In a statement shared by TSN's Ryan Rishaug, Daly said the expectation is for players to remain in their home club's city, but those away from their families can return home at this point in time.

"The general expectation is that players will remain in their club's home cities absent unusual circumstances," Daly said. "Obviously, where a player is separated from his family because his club city residence is only temporary at this point, those players should be permitted to go home to their families in this initial phase of the pause period."

The statement continued: "We envision there coming a time where we transition direction from 'stay at home' to opening club facilities to players to work out and to skate on a voluntary basis in small groups – similar to what we generally see prior to the beginning of team training camps. At this point, I'm not in a position to say when that will be. We will see how the next week or so plays out."

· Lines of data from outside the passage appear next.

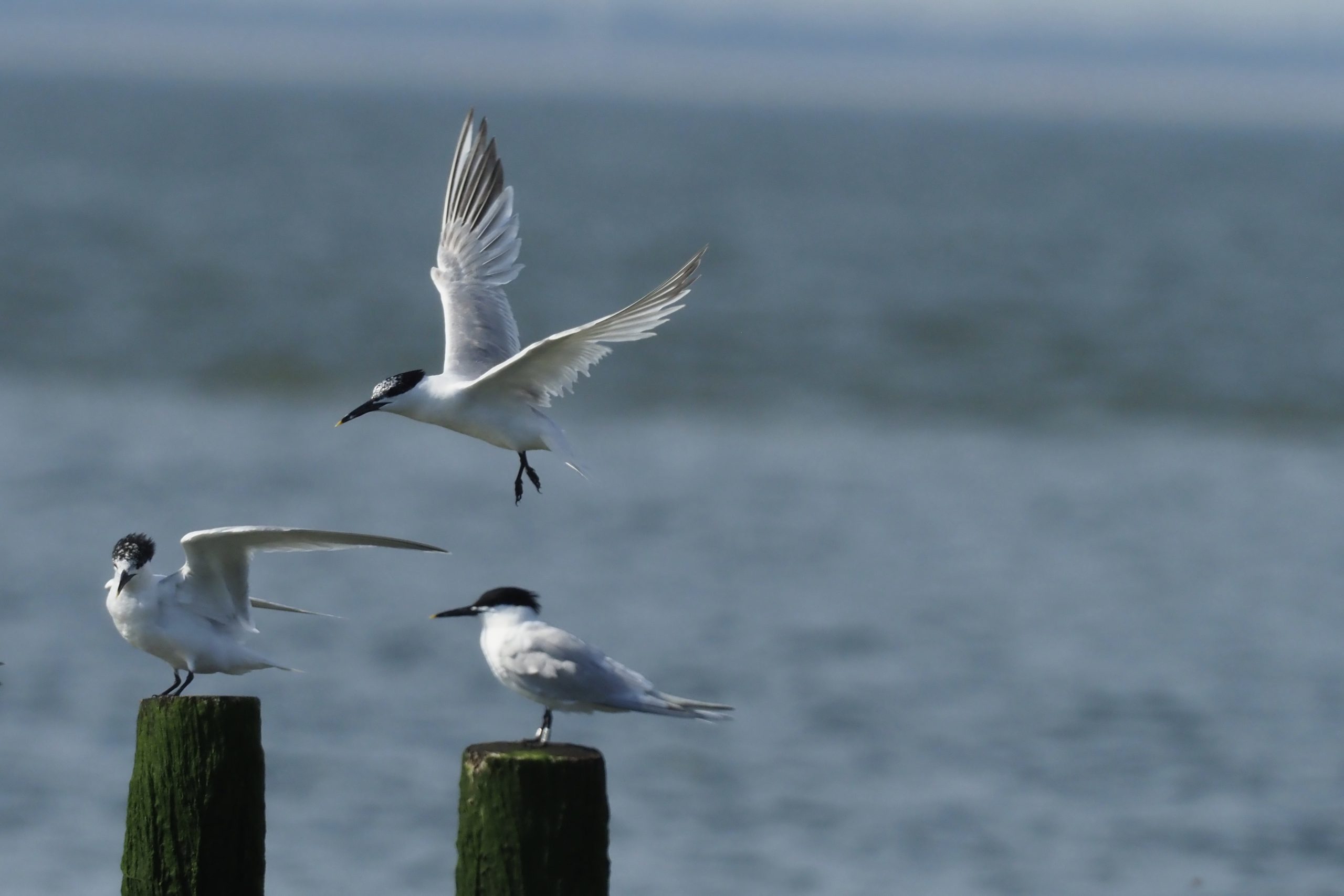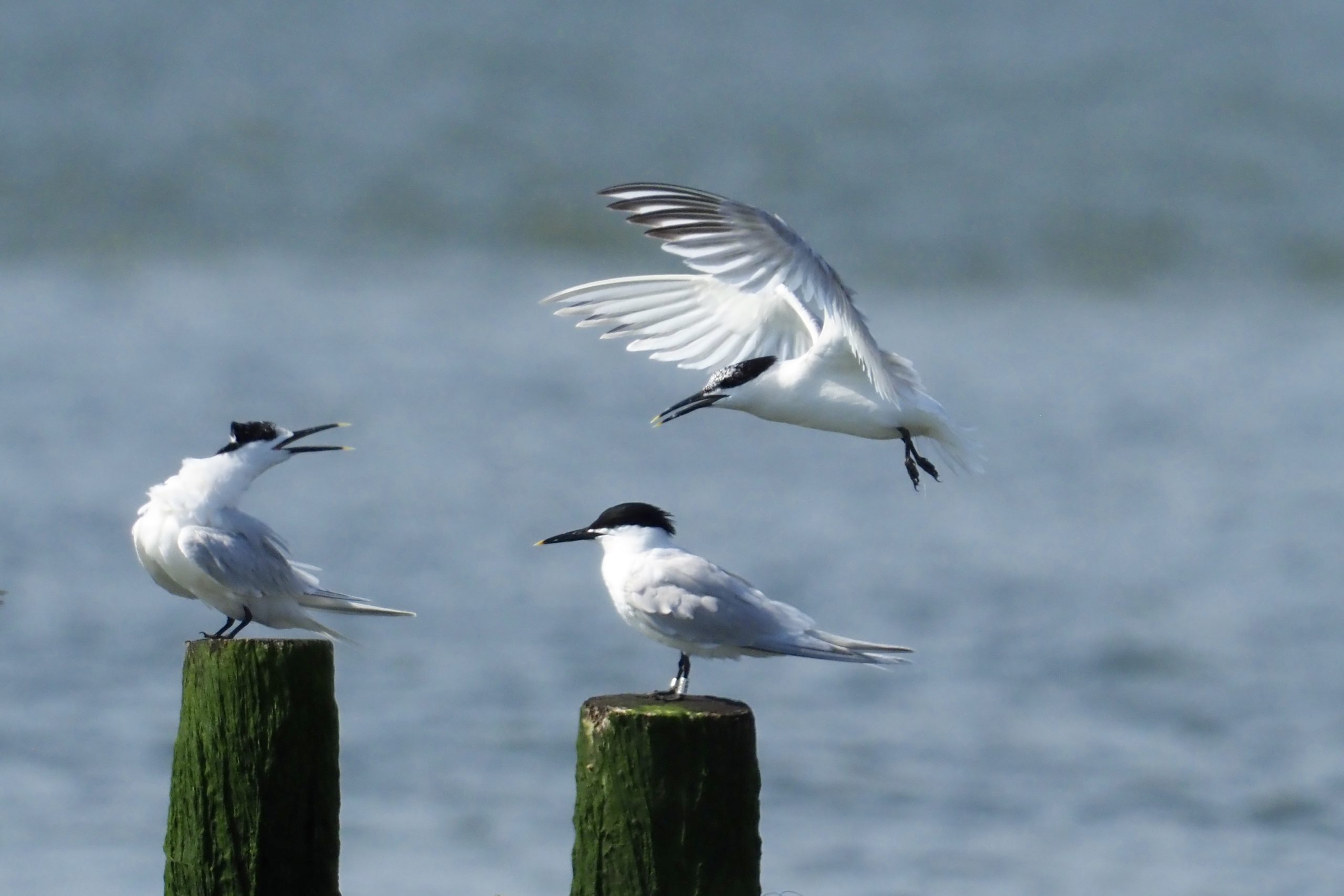 Ja, die mooiste paal. De rechter paal stond het verst in zee en was de “place to be”. Althans zo leek het in het uurtje dat ik de sterns zat te volgen. Was het omdat deze het dichtst bij potentieel voedsel zat? Er werd echter niet in de directe omgeving van de paal gejaagd. Gaf het de meeste afstand tot de wandelaars en hun honden? Of was het het beste uitzicht? Ik denk een combinatie van de laatste twee. Meermalen werd een aanval op de uiterste palen ondernomen, waarbij het leek alsof rechter stern een uitstraling had van onaantastbaarheid. Nummer twee moest het ontgelden en werd verjaagd door een indringer die op zijn beurt zich maar ternauwernood kon handhaven door zijn medeaanvaller af te slaan. Groepsgedrag met een pikorde, niets menselijks is de stern vreemd!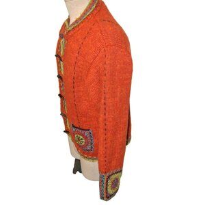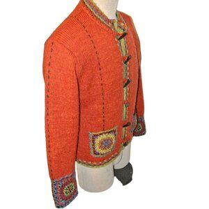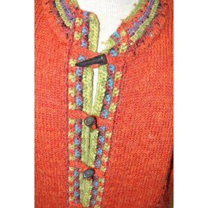 Icelandic Cardigan With Beading and Horn Style Buttons Alpaca Wool Blend Sx L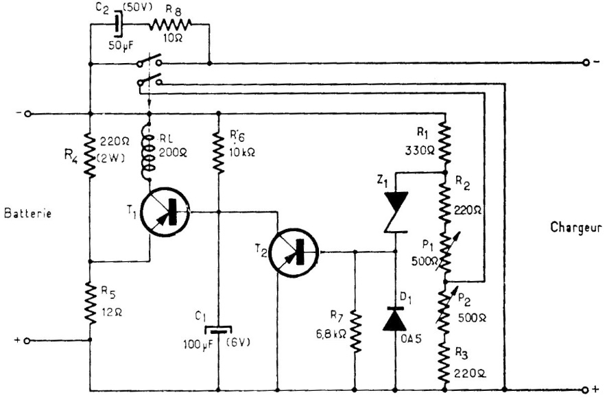 This circuit, for automotive use, was obtained in a European publication from the 1980s. The transistors are from that time and can be replaced by modern equivalents such as BD136. The relay is a sensitive type with 12 V voltage and must be connected to an unregulated source.

On Thursday, the NHL announced it will pause the 2019-20 campaign amid the coronavirus outbreak. Many other professional hockey leagues had either postponed or cancelled play at that time, and a number of circuits throughout North America followed the NHL's decision to press pause on their respective campaigns. The KHL is most notable professional league still active.

The NHL hasn't set an official return date, but Daly said the league is "recommending against informal skates during this initial phase of the pause. Once we move into the next phase and (a) player is "training" for the resumption of play, his activities will be subject to the protections afforded in his (standard player contract)."

Daly confirmed that the league won't require mandatory COVID-19 testing, but "if a player exhibits symptoms or becomes sick he will be tested, as appropriate."